Entretanto, em 28 de janeiro de 2009, o governo do estado de Minas Gerais anunciou junto com a prefeitura de Belo Horizonte que se juntara às obras para que a cidade fosse uma das sedes da Copa do Mundo de 2014. Assim, Belo Horizonte entraria no orçamento do Governo Federal para as obras de infraestrutura e mobilidade urbana prometidas pelo Programa de Aceleração do Crescimento (PAC). A capa do caderno Gerais do jornal O Estado de Minas, no dia 29 de janeiro de 2009, escrita por Paulo Henrique Lobato, comemora o anúncio. Em letras garrafais e coloridas: “Obras serão feitas pelo governo do estadual e são fundamentais para garantir Belo Horizonte como uma das sedes da Copa do Mundo de 2014” e “Avenida ganha seis Viadutos”. A matéria não dá voz às pessoas que seriam desapropriadas e exalta o corredor de ônibus anunciado: “Usuários e vizinhos da via comemoraram o projeto, pois, tão importante quanto a melhoria do trânsito, a obra dará nova cara ao corredor”. O único cidadão ouvido pela matéria era um morador do conjunto habitacional IAPI que fica em uma área que não é de desapropriação: “O futuro visual do corredor agradou à população, como o aposentado Hivany Gonçalves, de 77 anos, morador do IAPI há quase cinco décadas.” A matéria nem sequer citava que haveria desapropriações, só falava das obras, dos milhões a serem gastos, dos carros, da FIFA e do trânsito e da Copa do Mundo. Quando vi essa matéria, sabia que a partir daí, as obras chegariam à casa de vovó Virgínia (que ficava perto da rua Aribá e do conjunto IAPI, destacados na matéria). Em abril de 2009, minha avó foi desapropriada.
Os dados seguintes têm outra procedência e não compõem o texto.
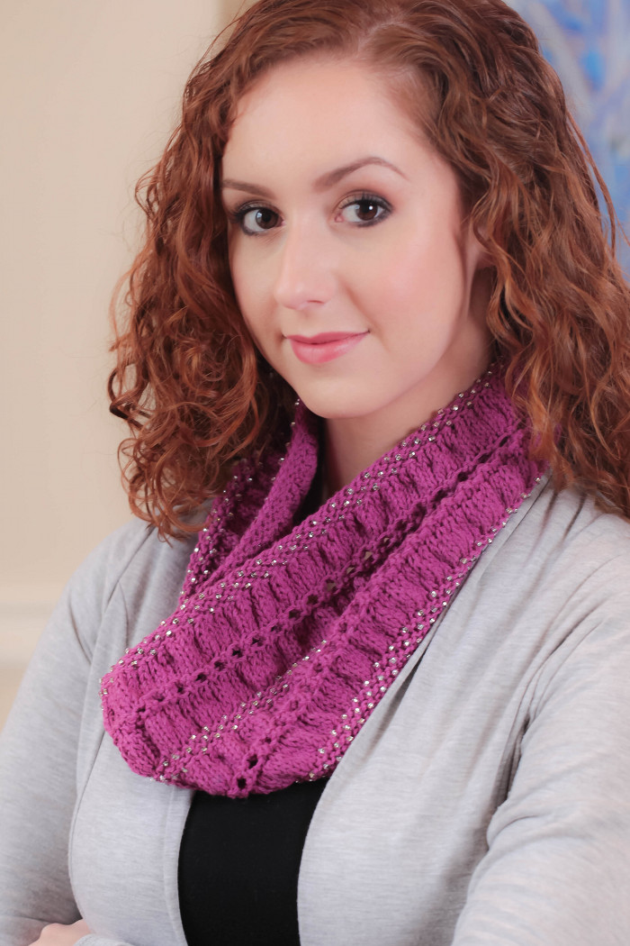The Compass Cowl is a captivating design. Knit with Weekend DK yarn for its incredibly soft touch. Its perfect combination of texture and rows of sparkling glass beads look fantastic and are suprisingly easy to knit.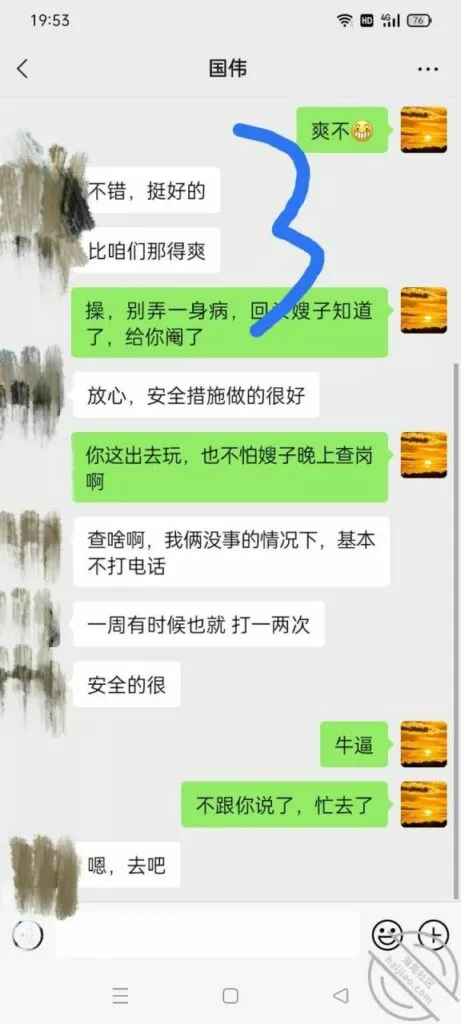 自从拿下清高B以后啊,真心自豪啊。只不过那天做i的时候清高B一直念叨我的老公呢?老公呢?让我想起了我的好大哥国伟。所以今天专门找伟哥聊了聊,伟哥还自豪的告诉我他去会所了,还要向我显摆老婆管不住他,笑死了。兄弟们我跟你们说,这就是有些男人的盲目自信,还要吹一下自己有多牛B,但是没想到帽子已经带上了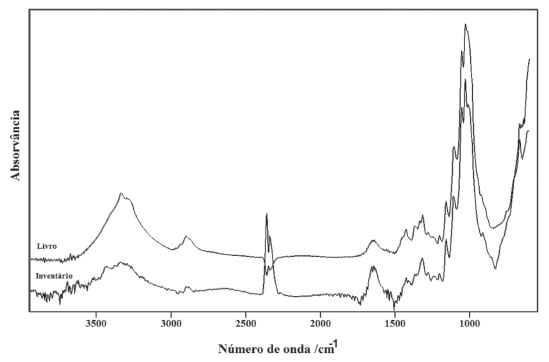 ![]() Figura 6. Espectros µ- FTIR do Inventário e do Livro
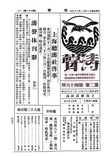鲁迅十分赞赏《涛声》,不仅爱看,还经常给它投稿,他评价《涛声》上的文章“赤膊打仗,拼死拼活”。但好景不长,《涛声》1933年11月20日被当局以“袒护左翼,诽谤中央”为由下令停刊,至11月25日出休刊号为止,共出版83期。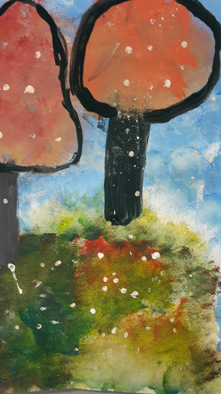 Die Schüler/-innen gestalteten ihre Bilder in Acryl und experimentierten hierbei mit Schwamm- und Tupftechnik . Obwohl es für die meisten aus dem Kurs das erste Mal war, dass sie mit dieser Art von Farben malten, mischten die Schüler mit großer Experimentierfreude und verblüffender Leichtigkeit die Farben - ausgegeben wurden nämlich nur die drei Grundfarben plus Weiß und Schwarz - und fast im Handumdrehen entstanden diese stimmungsvollen Winterlandschaften.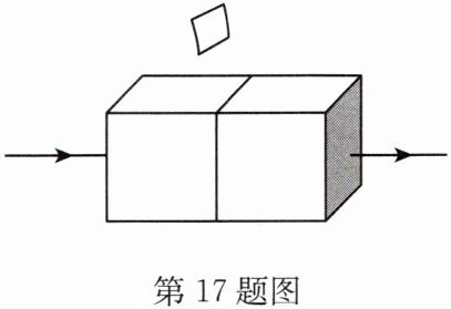 17. 如图所示是一个魔术箱,魔术箱顶部的中央有一条窄缝.使激光笔产生的激光束从左侧的小孔射入,从右侧小孔射出.将一块遮光板从顶部的窄缝插入箱中,可见遮光板并没有挡住激光束的传播.若魔术箱内部只由若干平面镜组成,根据这一奇怪的现象,小明对魔术箱内部的结构进行了猜想,下列猜想合理的是( )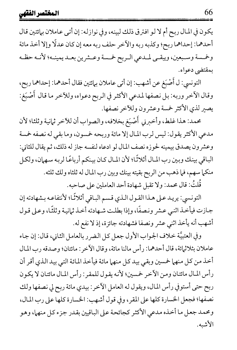 التونسي: ل أصبغ عنه أشهب: إن أتى عاملان بمائتين فقال أحدهما: إحداهما ربح، وقال الآخر وربه: بل نصفها لمدعي الأكثر في الربح دعواه، وللآخر ما قال أصبغ: يصير لذي الأكثر خمسة وعشرون وللآخر نصفها.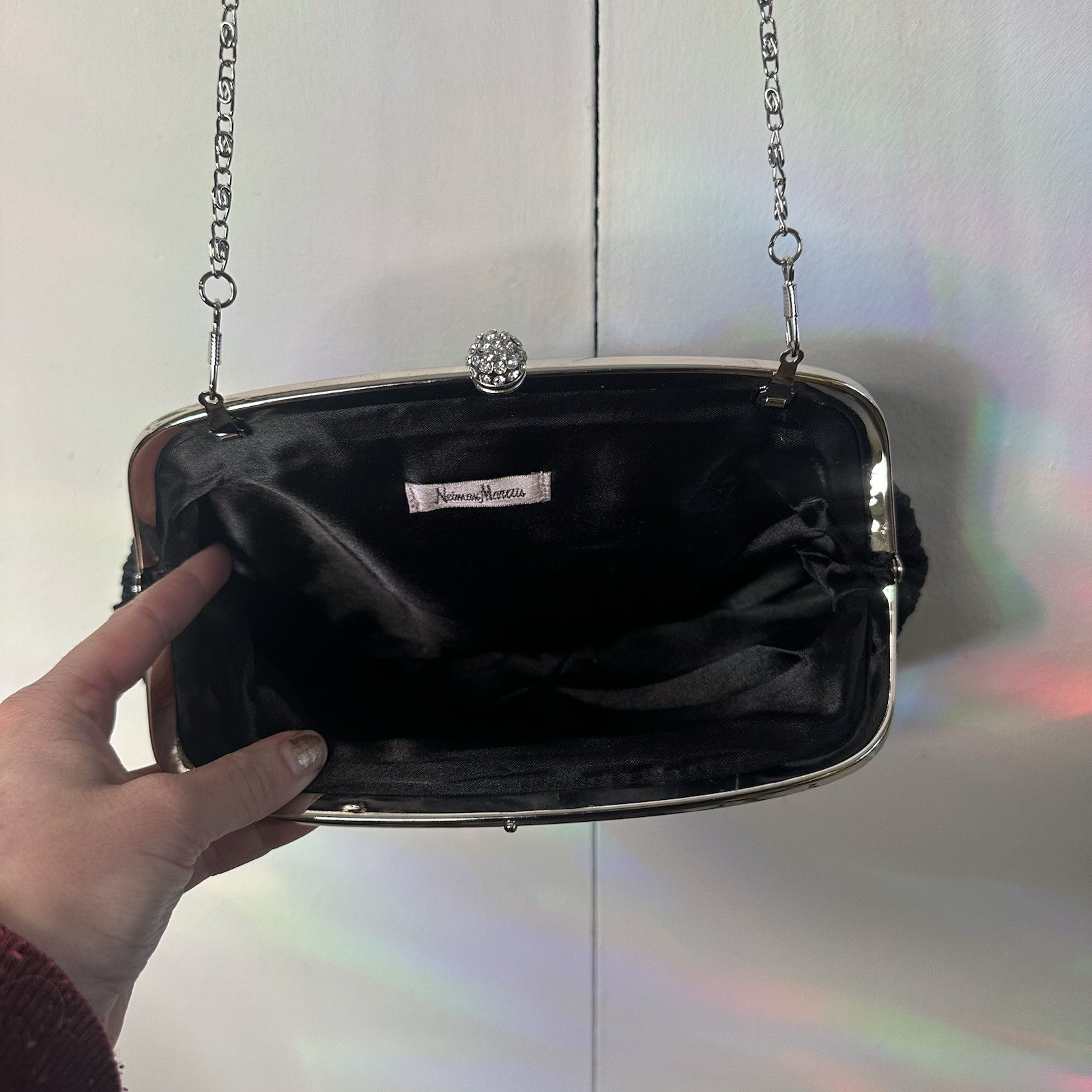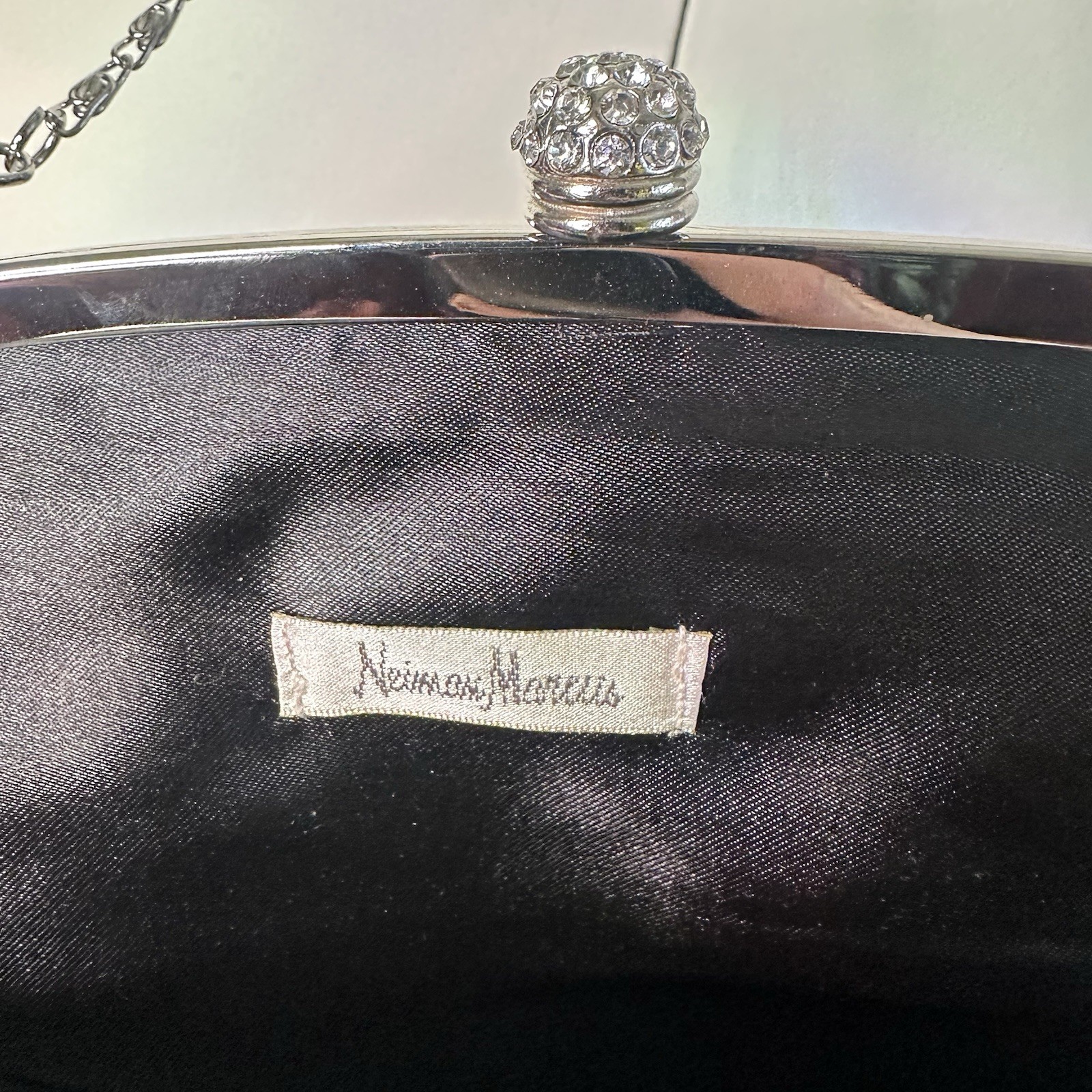 Neiman Marcus Vintage Black Ruched Clutch Bag Evening Purse Chain Strap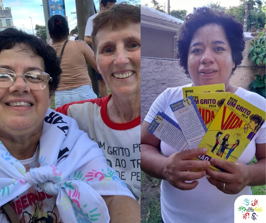 Ao longo do percurso, as integrantes da Rede Um Grito Pela Vida realizaram uma ação de sensibilização, com a distribuição de folders informativos que abordam as modalidades do tráfico de pessoas, além de orientações sobre prevenção e formas de enfrentamento desse crime que atinge, de modo especial, mulheres, crianças e pessoas em situação de vulnerabilidade.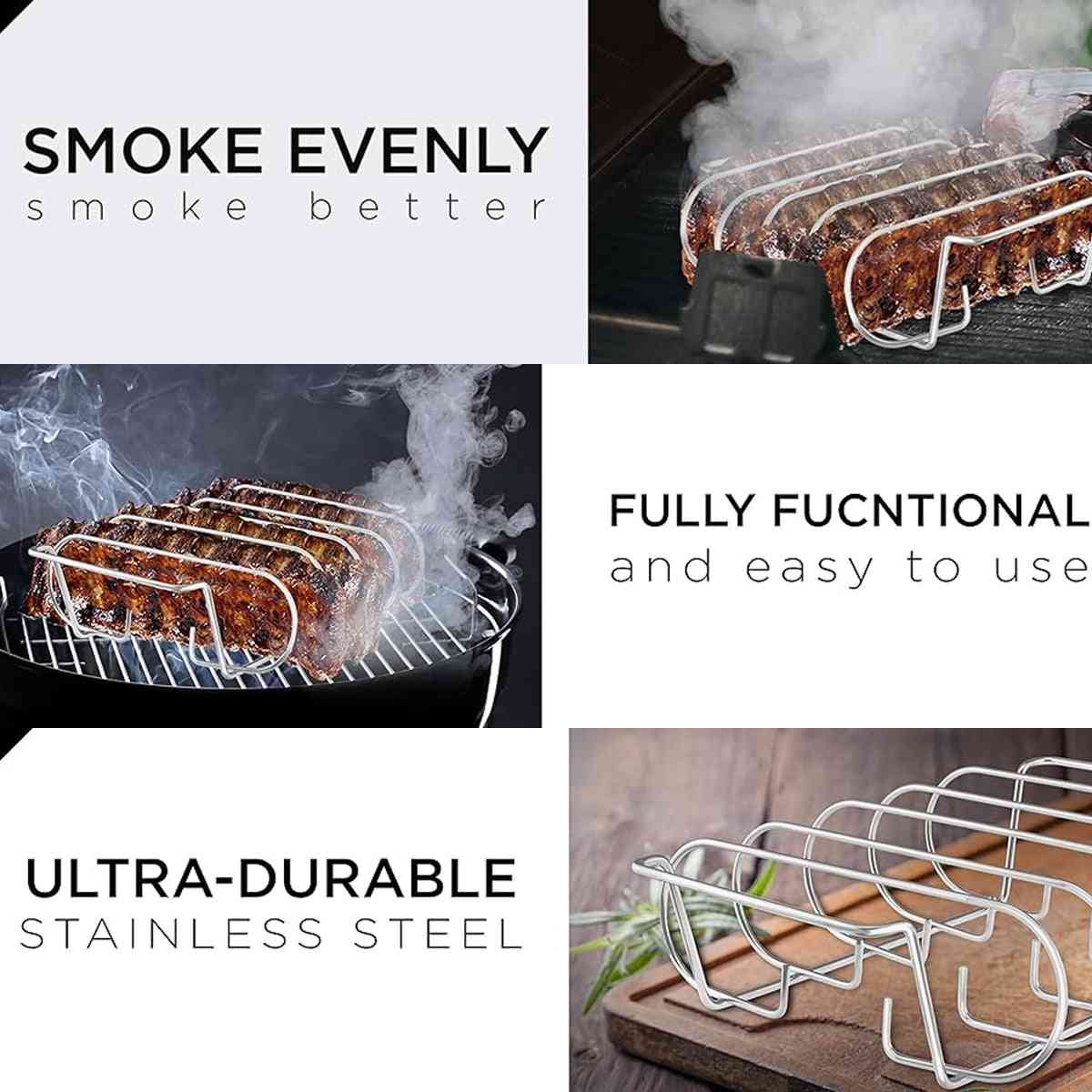 This BBQ rack is the ideal grilling accessory for smoking or roasting ribs outdoors.Made from high-quality stainless steel, it features curved slots that hold meat securely upright for even heat distribution and authentic barbecue flavour.Its open-frame design allows easy access to all sides of the ribs, promoting faster, more uniform cooking.Suitable for grills, ovens and smokers, it offers a practical solution for preparing multiple portions at once without crowding the grill space.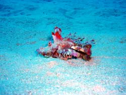 はいはーい!ども、りょーけんでっす。今日はFUNダイビングに行って来ました~!今回一緒に潜ってきたのは本日最終日のせんちゃん!マンツーで砂辺へ入って来ました。右の砂地の方へ足を伸ばしてみると小さい子供のワカヨウジがフラフラと波に揺られてましたね!岩のくぼみの中にいるアカククリの幼魚もしばらく滞在してくれそうな感じでした。お花畑の上からドロップを見下ろしているとドロップ沿いに集合しているカマスの群れ見れや、小さくて可愛いタコを見たりしてきました~。続いての2本目は耳の調子が悪くなったので終了して着ビーチの黒田パパ・ママとまた同じ感じのコースをたどってもうちょっと奥まで行って見ました!ワカヨウジは時間が経っても同じ場所でユラユラしてくれてました。奥のほうへ行ってみるとヘコアユの群れやハナミノカサゴやキリンミノが居たり、右ドロップの終わりの所では大量のカマスが!群れの中へ突っ込んでみると周りをグルグル・・・!?カマストルネードすごかったですね(笑)お花畑の上でゆっくり泳いでいるとまたタコが。今回はかなりのビッグサイズ!コレ1匹で4人前のタコ刺しが・・・。もちろんリリースしましたよ(笑)センちゃんは耳を治してまた次回!黒田パパ・ママは明日のケラマを楽しんで~!! |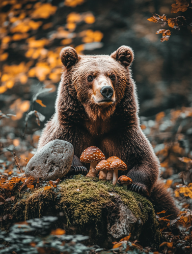 brown bear in the middle of autumn forest with moss, stones and mushrooms around him, whole image shoul be mystical atmosphere with pagan feeling --ar 3:4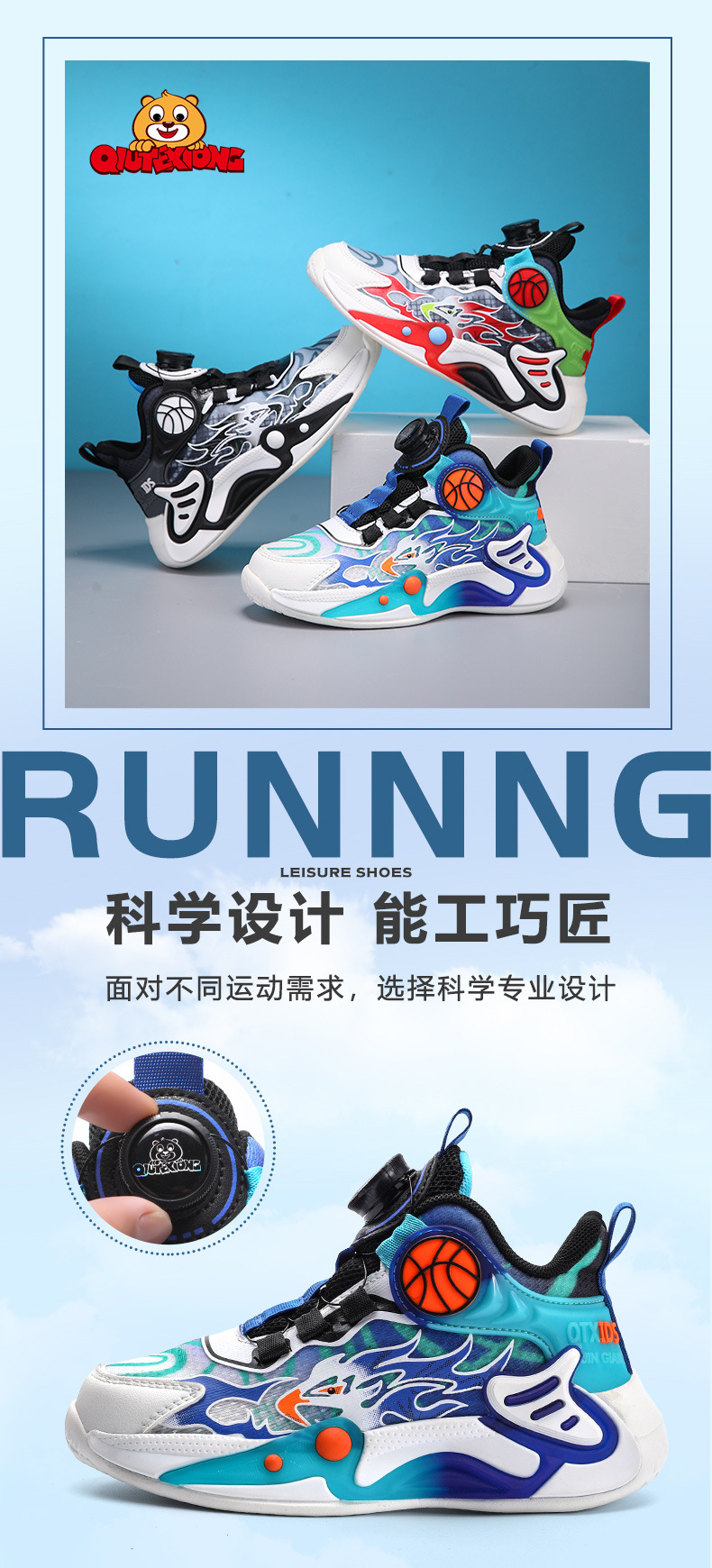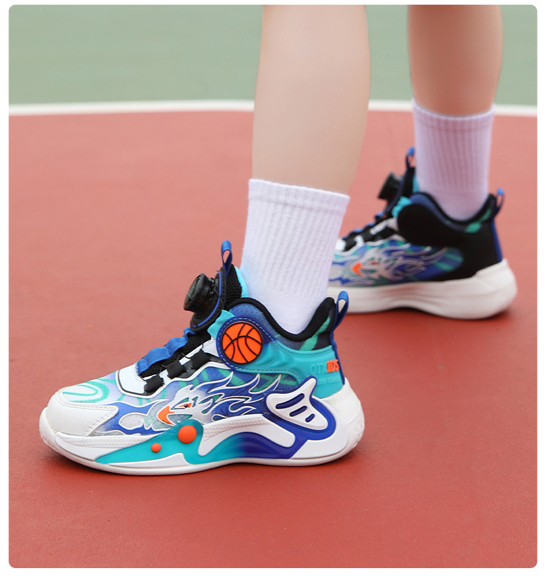 남아용 신발 2025 가을 어린이 전문 농구화 회전 버튼 메쉬 통기성 스포츠 러닝화 트렌디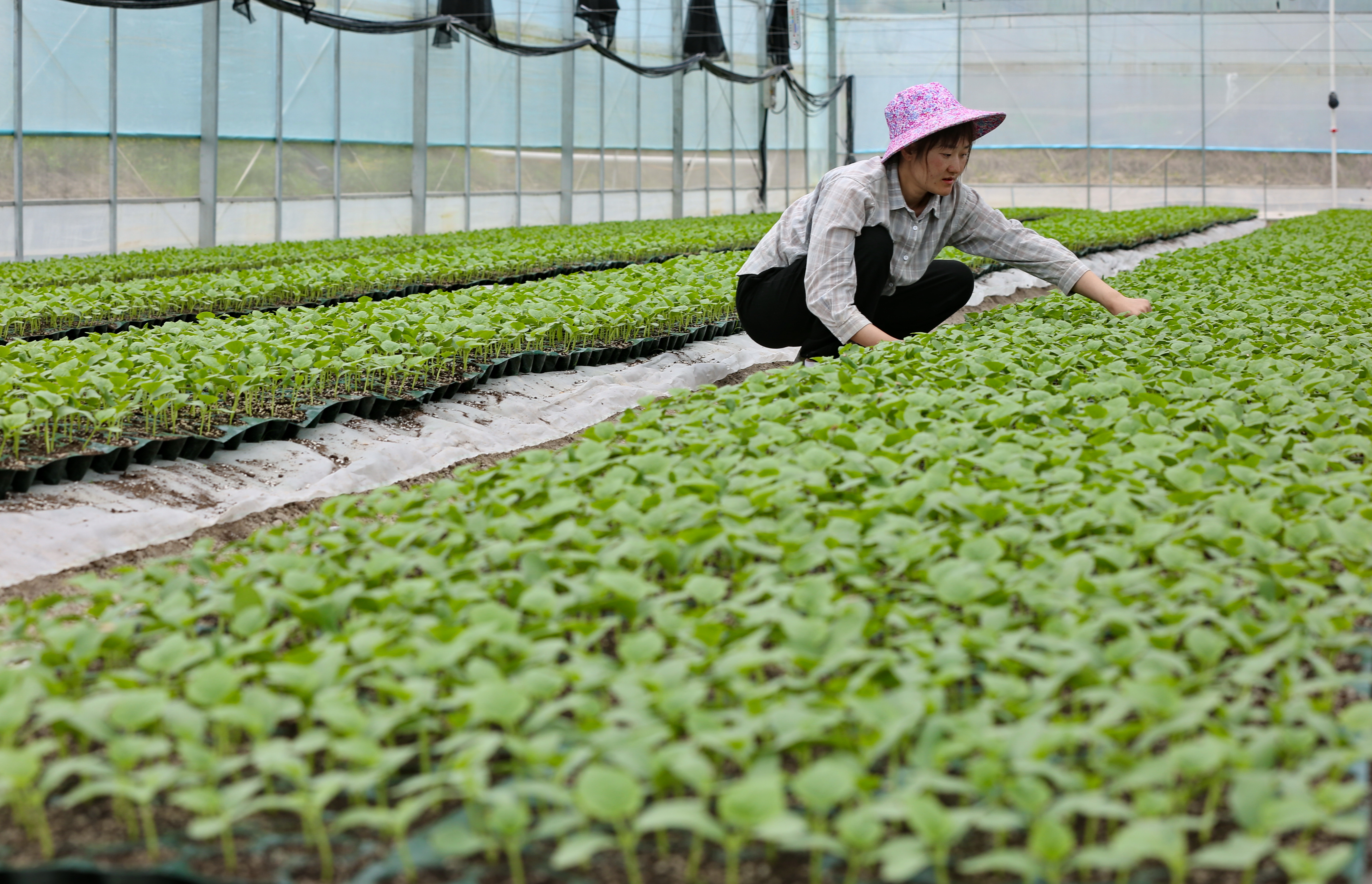 4月15日,在武夷山市五夫镇国家级田园综合体的哈密瓜温室大棚内,瓜农在检查新育出的瓜苗。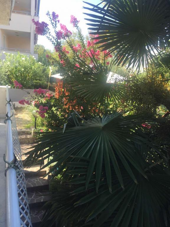 Blick auf den Garten und den Pavillon, wo die Gäste abends eine romantische Umgebung mit diskreter Beleuchtung und Blumen bei einem Glas guten Weins und gegrillten Köstlichkeiten genießen. Der Geruch lokaler Fischspezialitäten kommt aus dem nahe gelegenen Fischrestaurant / 200 m von der Wohnung entfernt /. Zusätzliche Einrichtungen in der Nähe: Bowling, Reiten, verschiedene Wassersportarten, Fahrradverleih, Boote, organisierte Ausflüge, lange und schöne Promenaden sind die Möglichkeiten, die der Ort bietet.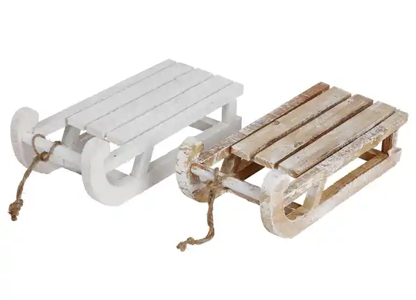 Den weiß bemalten Deko-Schlitten aus Holz im Used-Look können Sie vielseitig in Ihre Dekoration einbinden und immer wieder neu gestalten.

Assim que concluímos a montagem do filme, eu passaria pela parte mais difícil: mostrar o corte para a minha avó. Em 2010, ela estava já com a mobilidade muito reduzida e usando constantemente oxigênio. Posterior a sua desapropriação, vovó Virgínia piorou muito de um quadro de fibrose respiratória e foi internada um mês após sair de casa. Passou bastante tempo indo e voltando do hospital, e algum tempo depois foi morar com minha mãe. Mostrei o filme, sabendo que ela teria muitas críticas, afinal era sua vida exposta ali. Vovó riu e fechou a cara em momentos do filme. Depois da sessão, ela falou que não gostou muito da parte em que a sala abandonada e entulhada era mostrada, mas que entendia que “as histórias precisavam de conflitos”. Ficou muito pensativa e então disse: “eu mostrei para eles, né, Joana?”. Quando disse “eles”, vovó estava falando de todas as pessoas do poder público que reiteraram a ameaça de tirá-la de sua casa, das constantes obras transformando o lugar onde ela morava em uma parte inabitável, falava da mídia que não citava o drama dos desapropriados, falava das pessoas que diziam que ela deveria sair de lá, de uma cidade que não valorizava as suas memórias. Vovó estava dizendo que resistiu até o fim, que suportou as várias ampliações da avenida Antônio Carlos até que quase não houvesse mais espaço entre a avenida e sua casa, que enfrentou o secretário de obras da prefeitura e que, a final de contas, passou 56 anos resistindo. Ela estava orgulhosa de si.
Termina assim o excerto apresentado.